Nawabi Jawed, Kniep Helge, Kabiri Reza, Broocks Gabriel, Faizy Tobias D, Thaler Christian, Schön Gerhard, Fiehler Jens, Hanning Uta
Department of Diagnostic and Interventional Neuroradiology, University Medical Center Hamburg-Eppendorf, Hamburg, Germany.
Institute of Medical Biometry and Epidemiology, University Medical Center Hamburg-Eppendorf, Hamburg, Germany.
Front Neurol. 2020 May 5;11:285. doi: 10.3389/fneur.2020.00285. eCollection 2020.
Early differentiation of neoplastic and non-neoplastic intracerebral hemorrhage (ICH) can be difficult in initial radiological evaluation, especially for extensive ICHs. The aim of this study was to evaluate the potential of a machine learning-based prediction of etiology for acute ICHs based on quantitative radiomic image features extracted from initial non-contrast-enhanced computed tomography (NECT) brain scans. The analysis included NECT brain scans from 77 patients with acute ICH ( = 50 non-neoplastic, = 27 neoplastic). Radiomic features including shape, histogram, and texture markers were extracted from non-, wavelet-, and log-sigma-filtered images using regions of interest of ICH and perihematomal edema (PHE). Six thousand and ninety quantitative predictors were evaluated utilizing random forest algorithms with five-fold model-external cross-validation. Model stability was assessed through comparative analysis of 10 randomly drawn cross-validation sets. Classifier performance was compared with predictions of two radiologists employing the Matthews correlation coefficient (MCC). The receiver operating characteristic (ROC) area under the curve (AUC) of the test sets for predicting neoplastic vs. non-neoplastic ICHs was 0.89 [95% CI (0.70; 0.99); < 0.001], and specificities and sensitivities reached >80%. Compared to the radiologists' predictions, the machine learning algorithm yielded equal or superior results for all evaluated metrics. The MCC of the proposed algorithm at its optimal operating point (0.69) was significantly higher than the MCC of the radiologist readers (0.54); = 0.01. Evaluating quantitative features of acute NECT images in a machine learning algorithm provided high discriminatory power in predicting non-neoplastic vs. neoplastic ICHs. Utilized in the clinical routine, the proposed approach could improve patient care at low risk and costs.

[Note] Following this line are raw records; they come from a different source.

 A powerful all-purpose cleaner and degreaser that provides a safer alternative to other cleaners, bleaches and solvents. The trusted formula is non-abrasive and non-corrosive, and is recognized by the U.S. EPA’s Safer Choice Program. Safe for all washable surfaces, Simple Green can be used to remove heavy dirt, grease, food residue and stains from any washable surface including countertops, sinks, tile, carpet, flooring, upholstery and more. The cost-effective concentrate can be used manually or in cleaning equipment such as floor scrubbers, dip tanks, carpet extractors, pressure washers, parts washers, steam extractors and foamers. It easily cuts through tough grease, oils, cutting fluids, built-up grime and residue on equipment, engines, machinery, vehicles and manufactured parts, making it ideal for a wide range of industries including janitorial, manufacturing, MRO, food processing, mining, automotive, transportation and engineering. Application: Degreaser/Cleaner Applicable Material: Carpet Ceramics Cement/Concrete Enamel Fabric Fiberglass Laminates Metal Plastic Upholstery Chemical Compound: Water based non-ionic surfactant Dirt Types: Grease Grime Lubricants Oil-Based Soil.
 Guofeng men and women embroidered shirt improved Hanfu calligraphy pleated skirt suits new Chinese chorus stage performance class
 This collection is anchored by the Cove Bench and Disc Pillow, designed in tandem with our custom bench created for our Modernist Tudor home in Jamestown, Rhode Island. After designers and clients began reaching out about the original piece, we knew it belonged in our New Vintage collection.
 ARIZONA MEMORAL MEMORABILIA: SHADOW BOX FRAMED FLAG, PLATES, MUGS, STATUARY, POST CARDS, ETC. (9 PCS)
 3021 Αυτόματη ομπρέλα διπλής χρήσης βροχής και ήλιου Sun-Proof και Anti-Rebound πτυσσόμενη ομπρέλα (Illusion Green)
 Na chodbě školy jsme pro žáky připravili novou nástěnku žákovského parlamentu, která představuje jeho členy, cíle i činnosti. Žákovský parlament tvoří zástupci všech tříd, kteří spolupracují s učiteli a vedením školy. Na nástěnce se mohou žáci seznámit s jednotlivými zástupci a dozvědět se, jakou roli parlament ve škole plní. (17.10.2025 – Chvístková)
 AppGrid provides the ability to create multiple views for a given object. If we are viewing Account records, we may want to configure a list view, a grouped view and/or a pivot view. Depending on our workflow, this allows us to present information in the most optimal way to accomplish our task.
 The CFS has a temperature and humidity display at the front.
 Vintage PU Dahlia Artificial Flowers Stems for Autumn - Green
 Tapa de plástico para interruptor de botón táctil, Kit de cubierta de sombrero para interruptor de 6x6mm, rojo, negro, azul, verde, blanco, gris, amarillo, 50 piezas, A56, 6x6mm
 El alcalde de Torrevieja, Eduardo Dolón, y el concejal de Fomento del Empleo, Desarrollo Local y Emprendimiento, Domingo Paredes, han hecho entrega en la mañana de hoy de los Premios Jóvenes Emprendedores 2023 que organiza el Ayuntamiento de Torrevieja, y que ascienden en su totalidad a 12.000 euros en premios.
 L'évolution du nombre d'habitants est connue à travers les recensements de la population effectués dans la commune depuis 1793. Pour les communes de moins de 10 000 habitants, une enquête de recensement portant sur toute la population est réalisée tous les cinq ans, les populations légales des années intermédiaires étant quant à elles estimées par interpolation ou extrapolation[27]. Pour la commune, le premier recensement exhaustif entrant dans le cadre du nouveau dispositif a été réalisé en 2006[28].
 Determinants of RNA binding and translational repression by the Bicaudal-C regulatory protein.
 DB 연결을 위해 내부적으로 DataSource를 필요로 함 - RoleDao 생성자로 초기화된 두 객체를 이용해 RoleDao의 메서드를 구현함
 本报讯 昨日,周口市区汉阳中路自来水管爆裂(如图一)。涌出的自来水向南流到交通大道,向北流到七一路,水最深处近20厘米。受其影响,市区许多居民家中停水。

在初始影像学评估中,肿瘤性和非肿瘤性脑出血(ICH)的早期鉴别可能具有挑战性,尤其是对于广泛的脑出血。本研究的目的是基于从初始非增强计算机断层扫描(NECT)脑部扫描中提取的定量放射组学图像特征,评估基于机器学习预测急性脑出血病因的潜力。分析包括77例急性脑出血患者的NECT脑部扫描(n = 50例非肿瘤性,n = 27例肿瘤性)。使用脑出血和血肿周围水肿(PHE)的感兴趣区域,从非滤波、小波滤波和对数标准差滤波图像中提取包括形状、直方图和纹理标记在内的放射组学特征。利用随机森林算法和五重模型外部交叉验证评估了6090个定量预测因子。通过对10个随机抽取的交叉验证集进行比较分析来评估模型稳定性。使用马修斯相关系数(MCC)将分类器性能与两位放射科医生的预测结果进行比较。预测肿瘤性与非肿瘤性ICH的测试集的受试者工作特征(ROC)曲线下面积(AUC)为0.89 [95% CI(0.70;0.99);P < 0.001],特异性和敏感性均达到80%以上。与放射科医生的预测相比,机器学习算法在所有评估指标上均产生了相同或更好的结果。所提出算法在其最佳工作点的MCC(0.69)显著高于放射科医生读者的MCC(0.54);P = 0.01。在机器学习算法中评估急性NECT图像的定量特征,在预测非肿瘤性与肿瘤性ICH方面具有很高的鉴别力。在临床常规中使用所提出的方法,可以以低风险和低成本改善患者护理。